Из телефонного разговора с ним я понял, что он даже не получил в Израиле никакой компенсации в качестве жертвы нацистских преследований (если такие льготы в Израиле вообще существуют, чего я в действительности не знаю), а получил он стандартную небольшую немецкую компенсацию, как и многие советские иммигранты, пострадавшие во время Второй мировой войны, и этим всё и ограничилось. По возрасту он не мог больше работать. При той небольшой пенсии, или пособии, которое он получал в Израиле, он мог снимать у хозяйки квартиры только... её кухню, хотя хозяйка практически не жила в своей однокомнатной квартире, но снимать всю квартиру было ему не по средствам.

Миша очень хотел приехать в Америку, осмотреться, может быть познакомиться с кем-нибудь, одним словом хоть недолго, но побыть здесь, куда его приглашали когда-то давно, после войны. Я и сегодня чувствую свою вину в том, что не смог тогда оказать ему гостеприимства и пригласить к себе. Серьёзные проблемы со здоровьем отца и моего сына отнимали столько времени и сил, что я действительно не мог оказать своему бывшему коллеге даже минимума необходимого внимания. Очень горько это сознавать и сегодня, но, увы, есть в жизни предел наших возможностей.

А в начале 2000-х я узнал, что Миша внезапно умер – на той же съёмной квартире в Тель-Авиве.

Такова грустная история моего бывшего коллеги – одного из немногих уцелевших из более 30.000 обитателей Каунасского гетто.

***

Отзыв, приведённый в начале этого очерка, не даёт покоя своей уверенностью в непоколебимости основ пропаганды д-ра Геббельса. Если сегодня в Москве, или в Германии живут люди, способные думать категориями имперской доктрины третьего Рейха, то такое положение исключительно тревожно. Но оно не беспочвенно. В новейшем исследовании, недавно опубликованном в Германии, рассмотрены корни этого явления, как и всегда лежащие в экономике, в денежном эквиваленте любой политической доктрины. Георгий Стоцкий на сайте Maxpark на форуме «Сообщество помощи Израилю» (http://maxpark.com/community/4391/content/1856428) опубликовал свою рецензию на недавно вышедшую книгу «Народное государство Гитлера – грабёж, расовая война и национальный социализм» Götz Aly - "Hitlers Volkstaat. Raub, Rassenkrieg und nationaler Sozialismus."

Автор исследования задался простым вопросом: в чём причина поддержки Гитлера огромным большинством немцев? И ответил так: национальный социализм не был пропагандистским лозунгом – его реализовывали в действительности.
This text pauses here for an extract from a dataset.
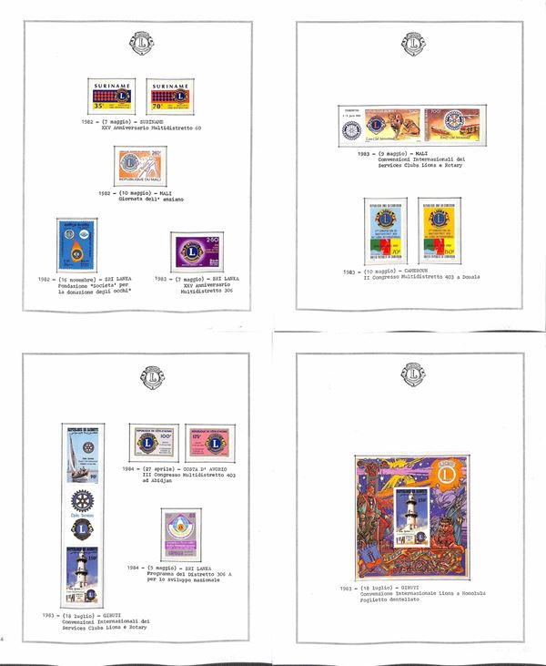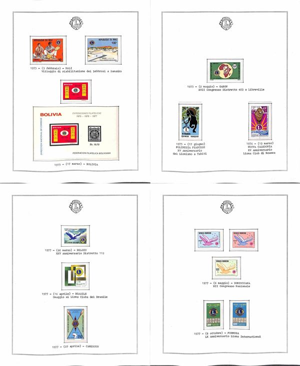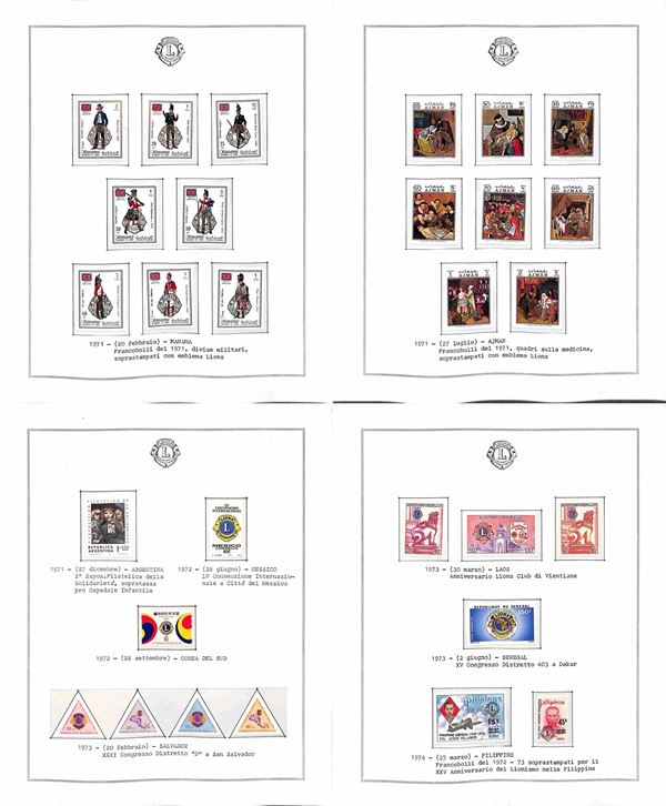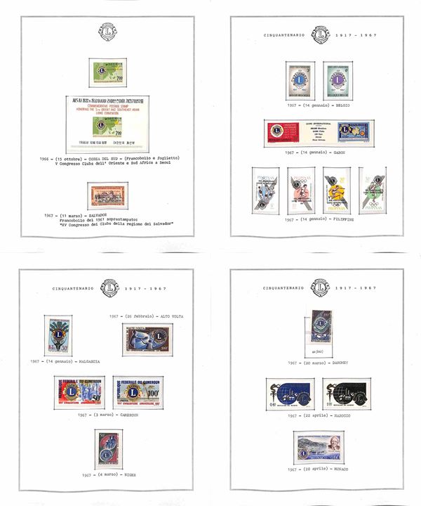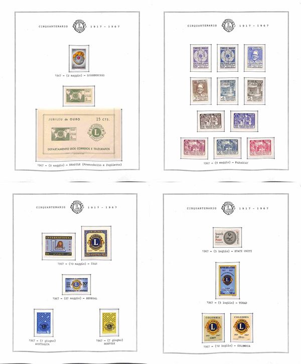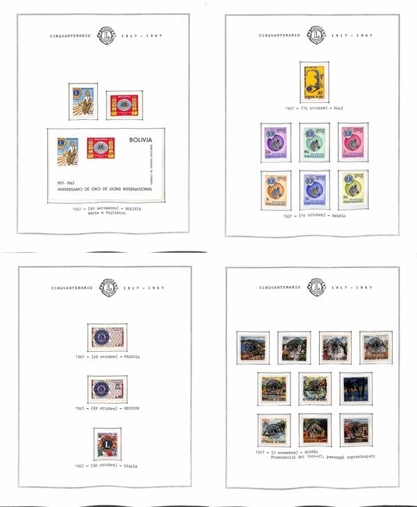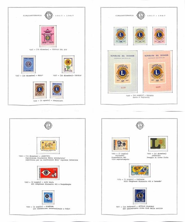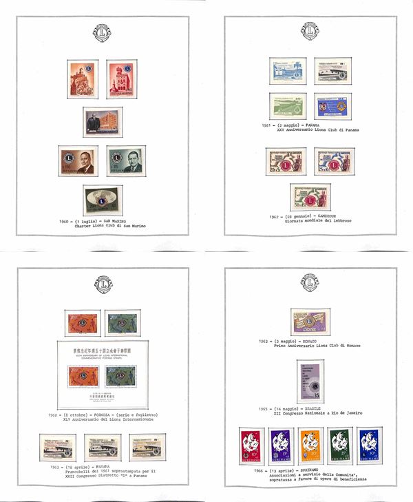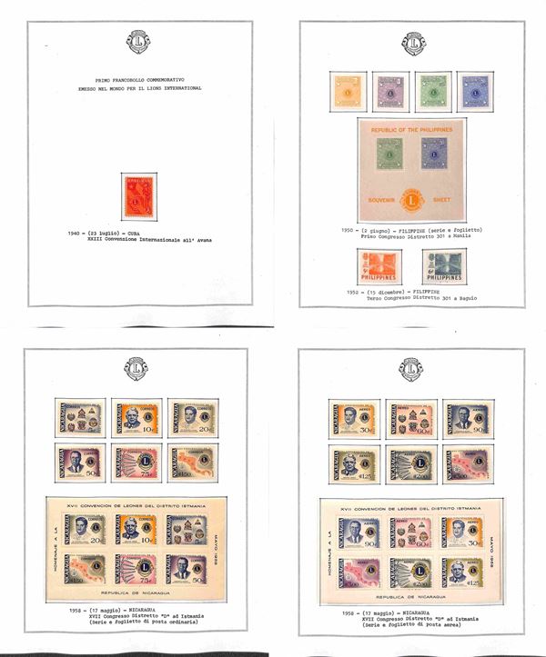 TEMATICA - LIONS INTERNATIONAL - 1940/2014 - Collezione di valori serie complete e foglietti nuovi del periodo 1940/1985 montati in fogli Marini + una scatola e due album con centinaia di buste e cartoline - ottimo insieme

Вот приведённый автором ряд экономических мер по осуществлению социальной политики Гитлера до войны: введение оплаченных отпусков для рабочих и служащих; удвоение выходных; организация и поддержка массового туризма; создание доступного и дешёвого «народного автомобиля» - «Фольксваген»; установление пенсионного обеспечения и прогрессивного налогообложения. С началом войны: семьи солдат получали 85% довоенной зарплаты-нетто отца семейства, в то время как согласно автору американские и британские семьи солдат получали менее половины их довоенного жалованья.

«А затем, уже в ходе войны неслыханных масштабов, нацизм сумел обеспечить немцам невиданный, даже ранее, уровень благосостояния, социального равенства и вертикальной социальной мобильности. Вот почему режим чудовищных массовых преступлений, - констатирует Гётц Али, был в то же время режимом огромной народной популярности. Отсутствие сколько-нибудь значимого внутреннего сопротивления гитлеровскому режиму, равно, как и в первые, послевоенные годы, чувства вины у немцев, Али объясняет именно этой взаимосвязью. Именно она и превратила гитлеровский режим в столь привлекательный для 95% , т.е. подавляющего большинства немцев».
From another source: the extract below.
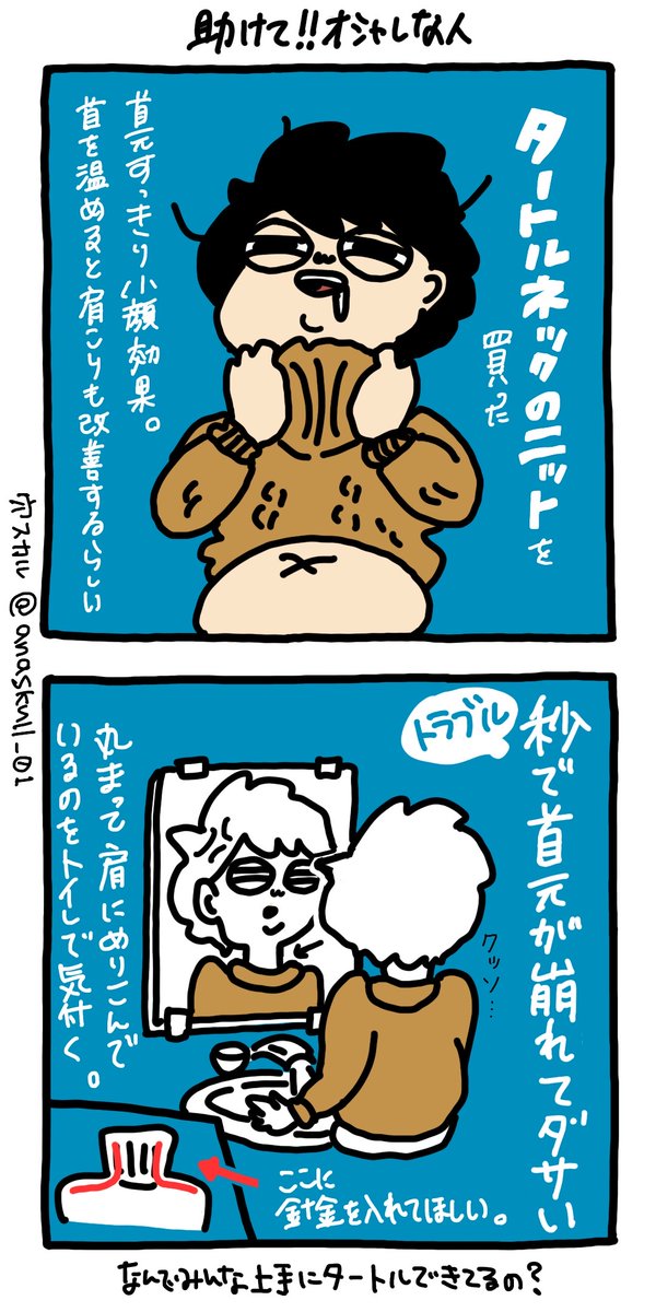 助けてお洒落な人。タートルネックのニットってどうやって着るんか。 note.com/anaskull_01/n/… #note #漫画が読めるハッシュタグ #イラスト好きな人と繋がりたい #お洒落な人と繋がりたい #お洒落な人コワい

Другой немецкий учёный, пишет Стоцкий – Кристиан Герлах – показал, что уровень жизни немцев даже во время войны был относительно высоким, а когда начали возникать трудности из-за происходящего на Восточном фронте, то они стали одной из причин ускорения уничтожения евреев Европы. Этим же он объясняет убийство голодом и холодом миллионов советских военнопленных.

На вопрос, куда девалось имущество ограбленных, депортированных и умерщвлённых? – Али даёт чёткий ответ: их золото, драгоценности, часы, украшения, их одежда, предметы обихода, оборудование их мастерских и лавок, их валюта и ценные бумаги, их дома и хозяйственные постройки – все это продавалось местному населению и в самой Германии, и в оккупированных ею странах. Выручка от продажи еврейской собственности втекала в резервуар госбюджета Германии и оккупированных стран, а затем, в очищенной от следов ее происхождения форме, присваивалась немцами.
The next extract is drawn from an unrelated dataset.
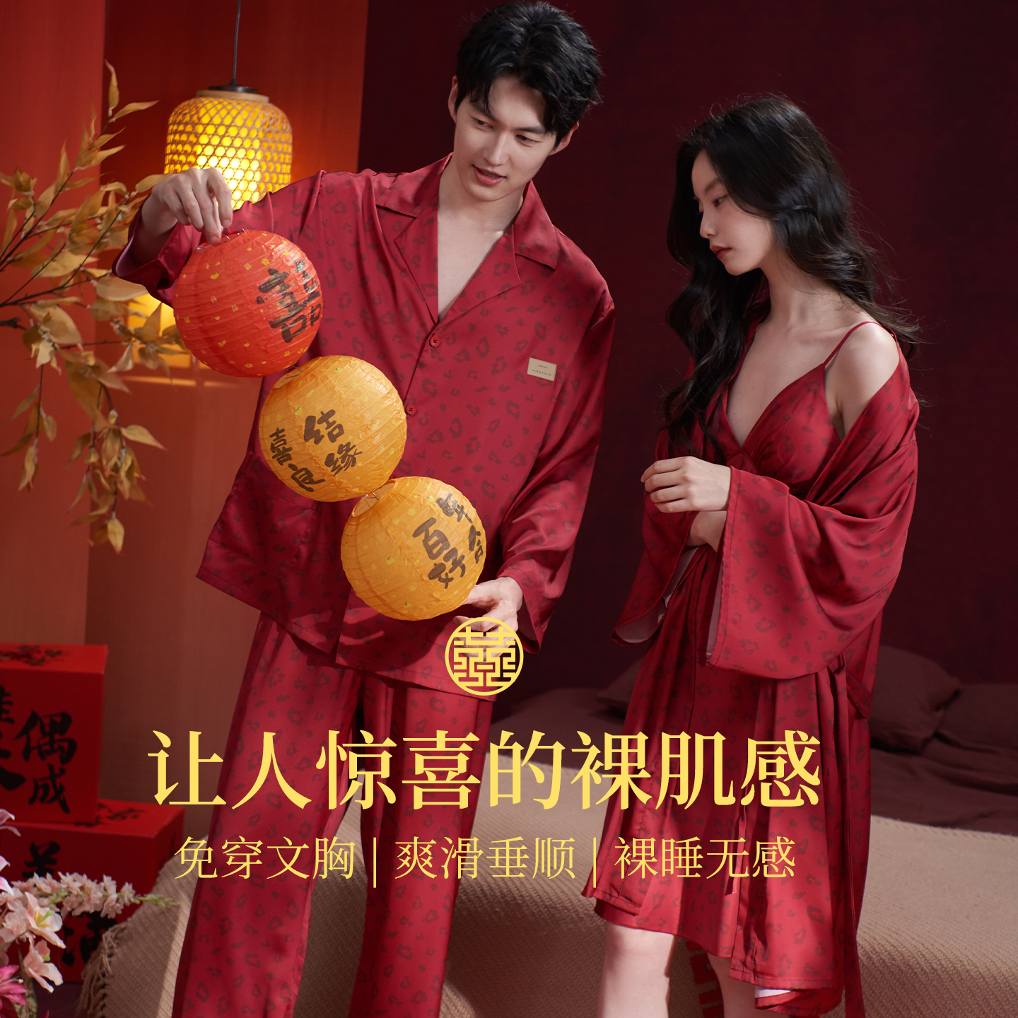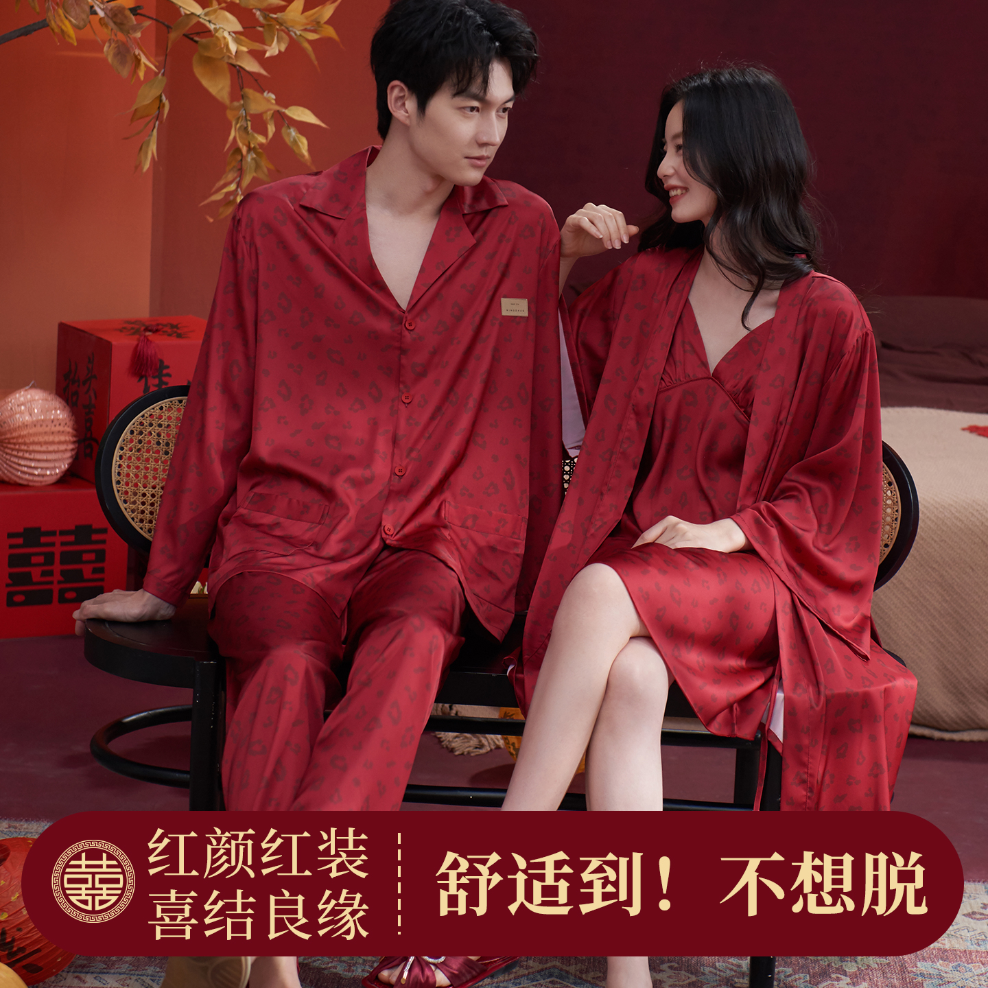 男士 乐姿梦情侣睡衣女春秋季 冰丝新娘晨袍红色新婚结婚家居服套装

В 1942 г. президент рейхсбанка Функ и рейхсфюрер СС Гиммлер договорились о том, что золото (включая выломанные из челюстей золотые зубы), драгоценности и наличность убитых в лагерях смерти поступают на хранение в рейхсбанк, который начисляет их денежный эквивалент на особый счет, зашифрованный кодовым именем «Макс Хайлигер». Менее ценные мелкие предметы (часы, перочинные ножи, авторучки, портмоне и пр.) продавались, через особые лавки фронтовикам - хорошую одежду и обувь могли приобрести переселенцы из числа «фольксдойче». Но выручка от продаж во всех случаях шла государству – она переводилась затем на соответствующую статью военного бюджета. Причём, министр финансов - Шверин фон Крозиг лично следил за ходом этого процесса.

Конечно, насаждаемая и разжигаемая сверху ненависть против «неполноценных», «инородцев», «евреев», «большевиков» и пр. была существенной предпосылкой.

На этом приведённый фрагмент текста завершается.